Cary L. Brown said:
"Weight" is not the issue here at all. Weight is simply the term we use to describe the force applied by a given mass under a given acceleration... the acceleration in question being that of gravity.
It is true, then, that the ship is "weightless" but that is irrelevant. It is not MASSLESS, and it is not acceleration-less, either.
I know all that. I'm pointing out the fact that the ship is not subject to a constant external accelerative force throughout the entire balance of its lifetime like naval vessels and aircraft. The lack of that force means the lack of weight; the lack of weight means the lack of long term stress on a particular load-bearing point. So if you break the keel of a starship, it's not going to collapse under its own weight, because no part of the ship has to support the weight of any OTHER part of the ship.

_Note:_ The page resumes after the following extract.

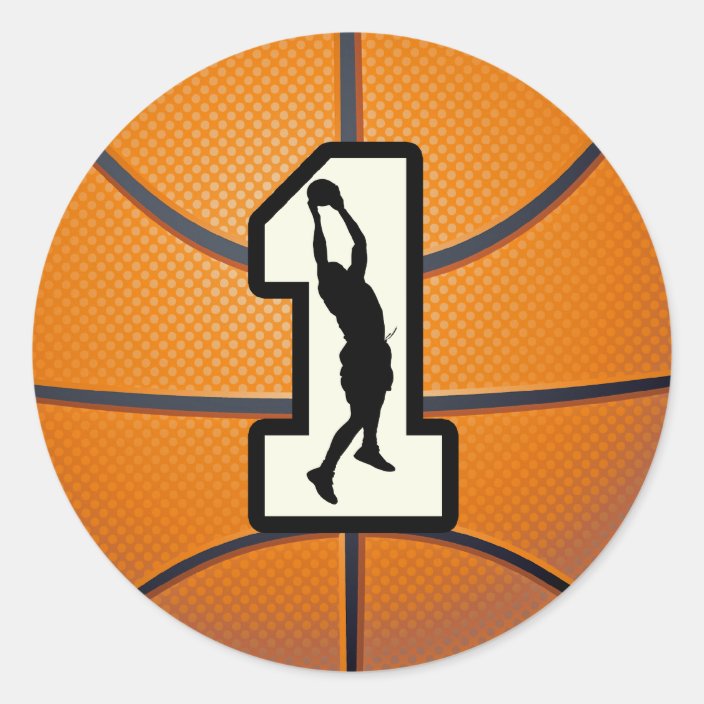 Pegatina Redonda Baloncesto y jugador del número 1 Zazzle.es

As far as this applies for longevity, it means that under rest conditions, or while flying at warp, no part of the ship is experiencing any significant mechanical stress. In those situations, the should would still hold together even if the entire space frame were made out of cardboard; no loads, no stress.
Cary L. Brown said:
In fact, the accelerations seen by these ships routinely exceed, by massive measures, that seen from gravity.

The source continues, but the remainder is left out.